Supreme Court Justices, They're Just Like Us!

The first Monday in May, as its intense and devoted fans know, is the Met Gala. An equally intense but far less fashion-forward crowd [1]  eagerly anticipates the first Monday in October. That's the beginning of the US Supreme Court's term — which means the nine justices have, like, four more days of freedom until they're stuck in their chambers for the next nine months.

I wonder, do any of them have back-to-court anxiety? In some ways the highest court in the land operates like a glorified public school: There's a summer vacation. There's homework. There are assigned seats, just like in any classroom. And of course, there's petty drama and infighting on the playground. Justice Samuel Alito's luxury fishing trip and his wife's upside-down flag still haunts him to this day.

But the justices are not schoolchildren. A fourth grader is free to go fishing for king salmon with a hedge fund billionaire any day of the week. An unbiased guardian of the Constitution should refrain from such activities, especially if the aforementioned billionaire is looking to court favor. Alito clearly never got that memo, which is why the Supreme Court adopted an ethics code last year.

Trouble is, the justices get to police themselves, and Noah Feldman says DIY-ing a trip to the principal's office is never gonna work. "Justices rarely recuse and when they do, they typically don't provide an explanation," he writes. The new term is an opportunity to change that: "The justices should, at a minimum, bend over backward to show they are in full compliance with the code — and tell the public about it." If they fail to do so, trust in the institution will continue to suffer:

"Members of both political parties now trust the court less than they did in the 1980s," Noah writes.

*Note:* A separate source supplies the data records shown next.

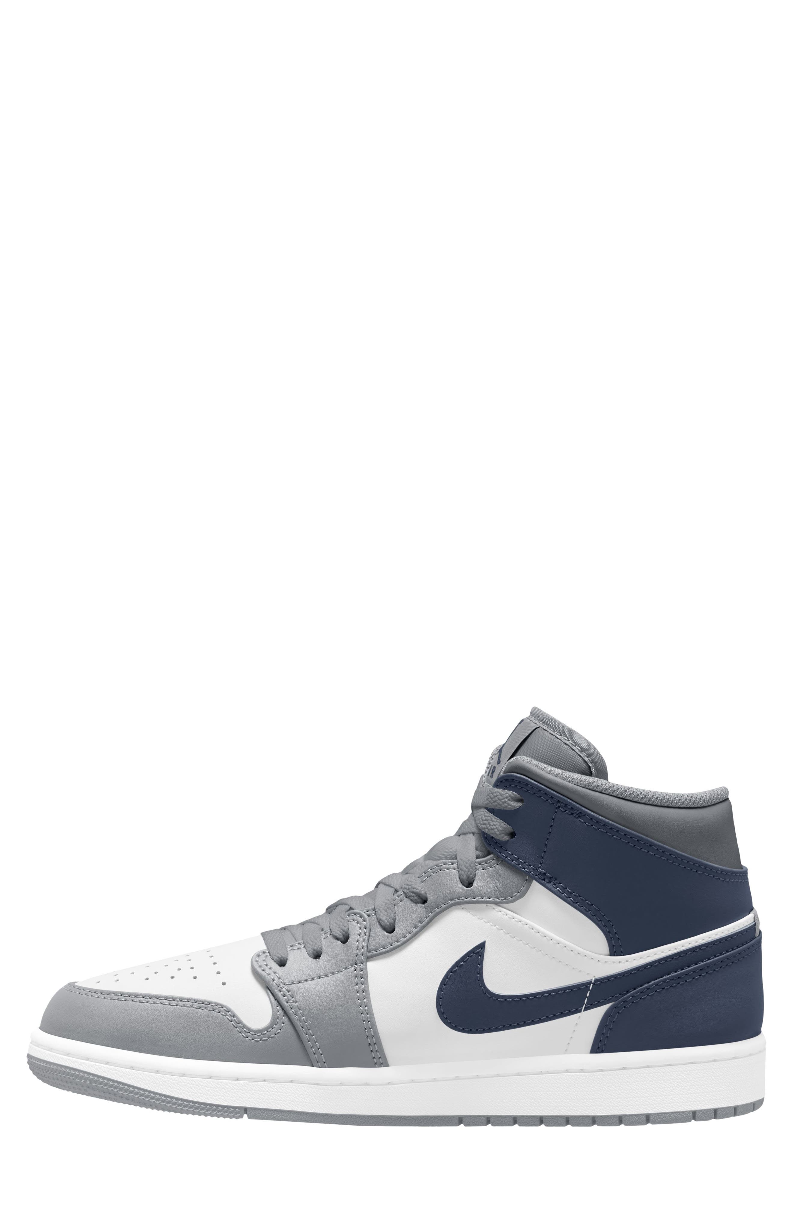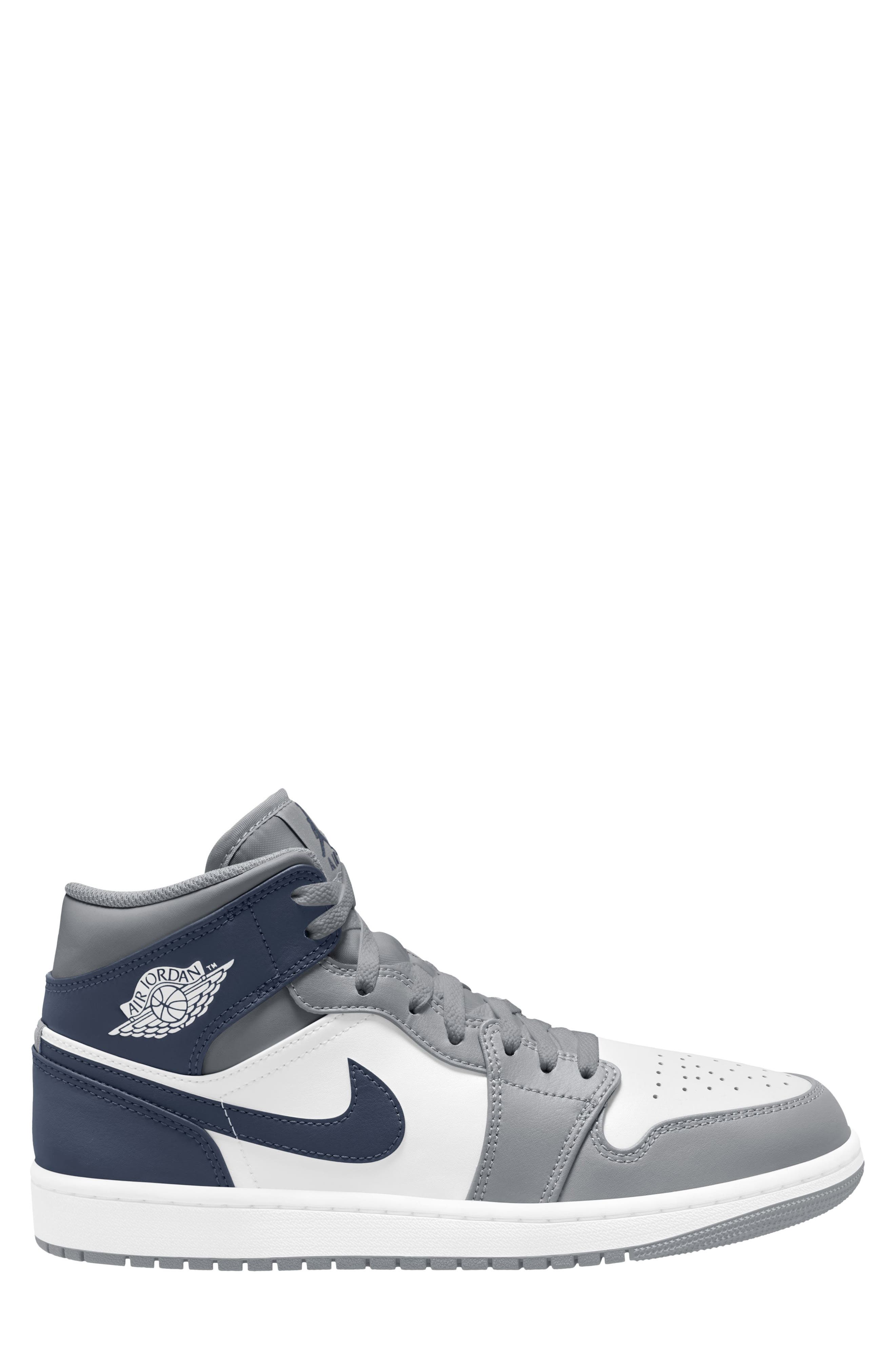 Jordan Air Jordan 1 Mid Sneaker_White/ Navy/ Wolf Grey
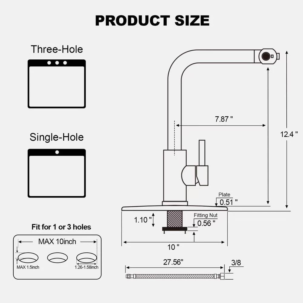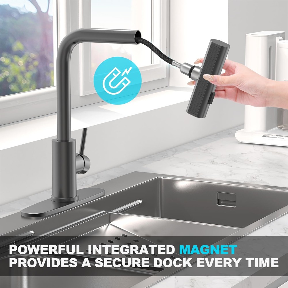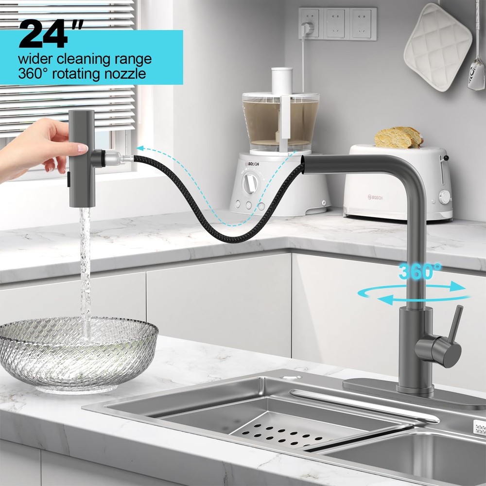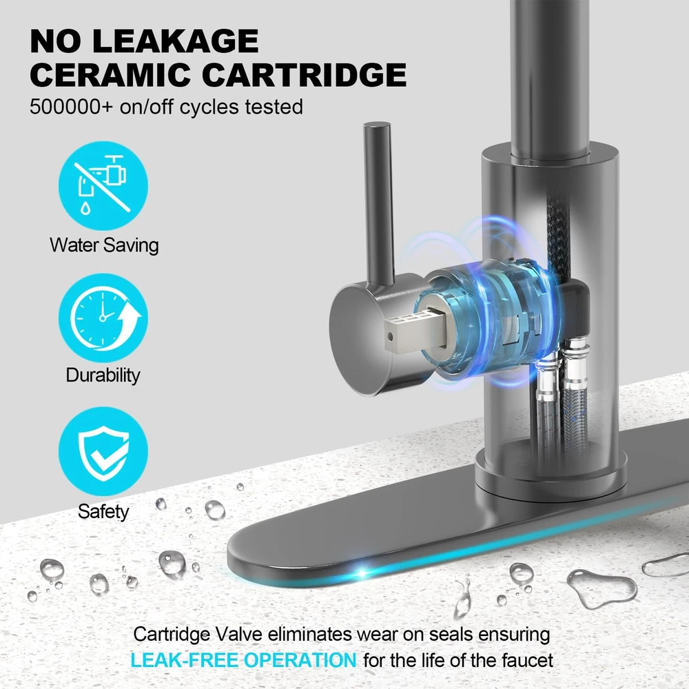 Elevate Your Kitchen Experience with the Pull-Out kitchen faucet At , we believe the heart of every home is the kitchen, and weโre here to help you transform it into your personal culinary haven. Our pullout kitchen faucet is designed to bring professional kitchen functionality into your home, providing you with tools to create and clean with ease. Crafted with precision, this faucet ensures optimal performance and lasting beauty. A Professional Solution for Your Kitchen Inspired by the design of top-tier kitchens, the bar sink faucets features a uniquely designed spray head for exceptional control and flexibility. Whether you're preparing a gourmet meal or cleaning up after a family dinner, the innovative 3-function spray head (sweep, stream, and waterfall) makes every task easier, from washing dishes to rinsing produce. Built for Durability We know that kitchens are busy places, which is why we've engineered this faucet to withstand the toughest daily use. With scratch shield technology, it maintains its sleek appearance even through the most demanding tasks. The detachable spray head makes it easy to clean and keep looking as good as new. Effortless Installation and Lasting Performance Designed for DIY installation, the bar sink faucet single hole comes with flexible hoses and quick-connect fittings to make setup a breeze, ensuring you enjoy a of reliable, durable performance. Whatโs Included 1 x kitchen faucet pull down 1 x Deck Plate Enhance your kitchen's functionality with the Pull-Out Faucetโwhere professional design meets lasting durability. ๐ง๐๐จ๐ง๐ฏ๐๐ง๐ข๐๐ง๐ญ ๐๐ฎ๐ฅ๐ฅ-๐๐จ๐ฐ๐ง ๐๐ฉ๐ซ๐๐ฒ๐๐ซ: The 14-inch pull-down sprayer makes rinsing dishes, washing food, and cleaning countertops effortless. The faucet for kitchen sink perfect for filling deep pots or large containers. Enjoy precise water control and increased efficiency in your daily tasks. ๐๐-๐๐จ๐๐ ๐๐ฉ๐ซ๐๐ฒ ๐๐ฐ๐ข๐ญ๐๐ก๐ข๐ง๐ : Switch between three spray modesโSweep, Stream, and Waterfall. Use Sweep for powerful, wide coverage; Stream for precise water flow; and Waterfall for a gentle, elegant flow. Perfect for rinsing dishes, washing vegetables, or cleaning larger containers with ease. ๐ ๏ธ๐๐๐๐จ๐ซ๐ญ๐ฅ๐๐ฌ๐ฌ & ๐๐ฎ๐ข๐๐ค ๐๐ง๐ฌ๐ญ๐๐ฅ๐ฅ๐๐ญ๐ข๐จ๐ง: Install your kitchen faucets in under 25 minutesโno plumber required! All necessary parts are included, and clear instructions make it simple. It fits single-hole and three-hole sinks (deck plate included), saving you both time and money. ๐๐๐ฎ๐ซ๐๐๐ฅ๐ ๐๐๐ ๐๐ญ๐๐ข๐ง๐ฅ๐๐ฌ๐ฌ ๐๐ญ๐๐๐ฅ: Made from food-safe 304 stainless steel, this pull down kitchen faucet offers excellent corrosion and wear resistance for a longer lifespan. Its anti-fingerprint and easy-clean features ensure convenient maintenance, making it a reliable and stylish addition to your kitchen. โ๐๐ข๐ฆ๐ฉ๐ฅ๐ ๐๐ง๐-๐๐๐ง๐ ๐๐ฉ๐๐ซ๐๐ญ๐ข๐จ๐ง: The ergonomic single handle design allows easy control of both water flow and temperature with one hand. This Touch on kitchen sink faucets makes multitasking effortless, helping you save time and making kitchen tasks smoother. Ideal for all family members, young or old. ๐ฆ๐๐จ ๐๐๐๐ค ๐๐๐ซ๐๐ฆ๐ข๐ ๐๐๐ฅ๐ฏ๐: Built with a premium ceramic cartridge and precise seals, our faucet for kitchen a leak-free experience. With over 500,000 successful tests, you can trust this dependable kitchen fixture to ensure a more comfortable life. ๐ค๐๐ญ๐ฒ๐ฅ๐ข๐ฌ๐ก ๐๐ซ๐๐ฒ ๐ ๐ข๐ง๐ข๐ฌ๐ก: The modern, sleek single hole kitchen faucet's enhances the look of any kitchen, from modern to classic styles. Its clean, minimalist design fits seamlessly into both small and large sinks, adding a touch of sophistication to your space. ๐งผ๐๐๐ฌ๐ฒ ๐๐ข๐ฉ๐, ๐๐ฅ๐ฐ๐๐ฒ๐ฌ ๐ ๐ซ๐๐ฌ๐ก: The single handle kitchen faucetโs fingerprint-resistant surface ensures it stays looking pristine with minimal effort. Simply wipe it down with a soft cloth to keep it free from water spots and smudges, making maintenance quick and easy for a consistently clean sink area.
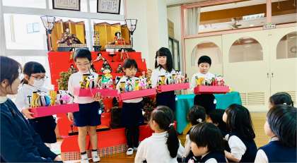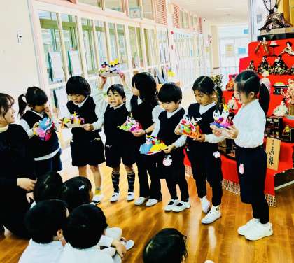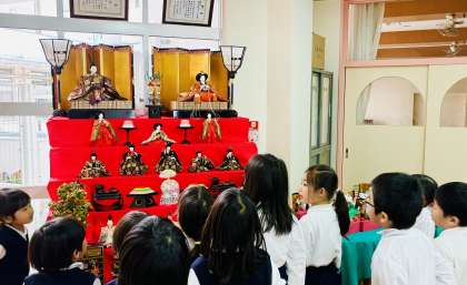 雛飾りの前に集まって、ひなまつりをしました。お雛様についての話を聞いたり、それぞれの学年がつくったおひなさまを見合ってたりしました。みんな元気に大きくなあれ。

While an eagerness to accept extravagant gifts is part of the problem, overturning longstanding precedents on abortion, concealed weapons, pollution, separation of church and state, affirmative action, regulation and presidential immunity hurts the court's credibility, too. "Trump's three appointees fundamentally changed the court's balance of power," he says, and the court's fast work has "smacked of eagerness to fulfill a long-desired conservative constitutional revolution."

The justices are well aware of this predicament, and sometimes demonstrate remorse for their partisan puppetry. In one 2022 case — New York State Rifle & Pistol Association v. Bruen — they went so far as to undermine all gun control legislation. Now, Noah says, the court looks moderate whenever it limits gun ownership, as it did in June with United States v. Rahimi. "Acting sane after previously acting crazy is one way to restore a fig leaf of legitimacy," he posits.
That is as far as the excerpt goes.